Six years later, Emma Hope was completed. I spent the first 3 years tracing and cutting out the 2” fetuses, one by one, treating each one as an individual. I spent the next 3 years sewing the background panels and then sewed each fetus on by hand. The background panels are composed layer upon layer of scraps of fabric from a designer in Los Angeles who was going to throw the scraps away. The piece is composed of 10 panels and when all put together the piece is 28 feet long.
I struggled with what to call this piece as my working title for so many years was the 3700 project. When it was completed I felt that it needed a name that truly encapsulated the spirit and intention of this piece. When a statistic number is used, especially in regards to such a divisive & politically charged topic as abortion, then that becomes the focus. The focus of this piece for me was clearly to seek intentional inner healing from my own inner abortion experience, and more specifically mourn the loss of my first child, Emma Hope. An important part of the healing process of Forgiven and Set Free is to prayerfully discern if you feel led to give your lost child a name. When this came up my first response was like, “I have no idea- the baby was only 8 weeks old.” As I went through the process of praying over this I felt the Lord speak that it was a girl and so I chose the name Emma Hope. (Emma means beloved and Hope is for the hope that I will someday see her face to face) This was extremely private information for me and I had no intention of sharing it with anyone because I think deep down I wasn’t sure if I just made it up to make myself feel better. Here’s the kicker…….so when Billy and I were first dating and starting to fall in love, one day he told me his mom had a miscarriage and that his sister gave the baby the name Emma Faith. WHAT??? My face flushed and my heart started beating fast and I sat in shock for a moment. Ok, so I guess my plans of keeping that name secret are over. Of course I told Billy about the name and the verse that immediately came to us was 1 Corinthians 13:12-13 “For now we see only a reflection as in a mirror; then we shall see face to face. Now I know in part; then I shall know fully, even as I am fully known. And now these three remain: faith, hope and love. But the greatest of these is love.”
We were blown away.
Looking back now, I am amazed that this was the first art piece I made in my transition from being a fashion designer to the world of art making. I have to remind myself that the sole purpose of creating work was to commune with the Creator, to seek healing for myself and for the world, and I was able to do that through prayer, listening to the word, and moving my hands.
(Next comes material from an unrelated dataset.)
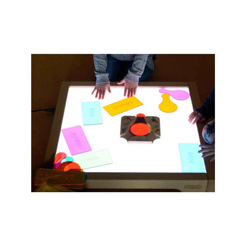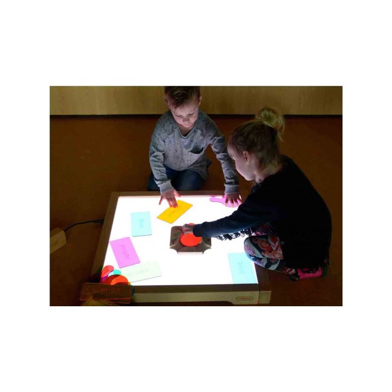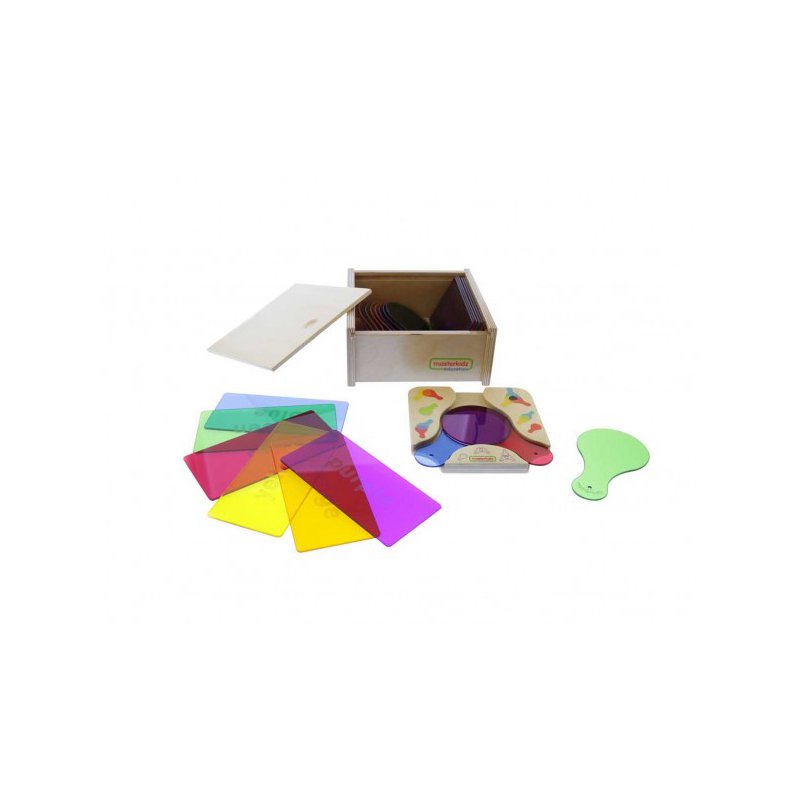 Dzieci mogą umieścić płytki w drewnianej tacy i obserwować mieszanie kolorów. Jeśli do zestawu dodamy tacę lub panel ledowy, kolory prezentują się w prawdziwie bajkowy sposób.

During the 6 years of making this piece I was honored to spend countless hours praying for men and women all over the world that have lost children due to abortion. I’ll never know the impact of those prayers here on earth, but maybe someday I will in heaven. For the three years that I traced and cut out the 3700 fetuses I listened to an audio Bible program that was not consecutive but had a method of skipping around the Bible. I cannot explain how this happened, but with God as my witness…..after 3 years of the repetitive, tedious motions of tracing and cutting the little 2” fetuses, as I cut out the final 3700th fetus, the exact scripture I heard from my speaker was 1 Corinthians 13:13…”faith, hope and love; but the greatest of these is love”.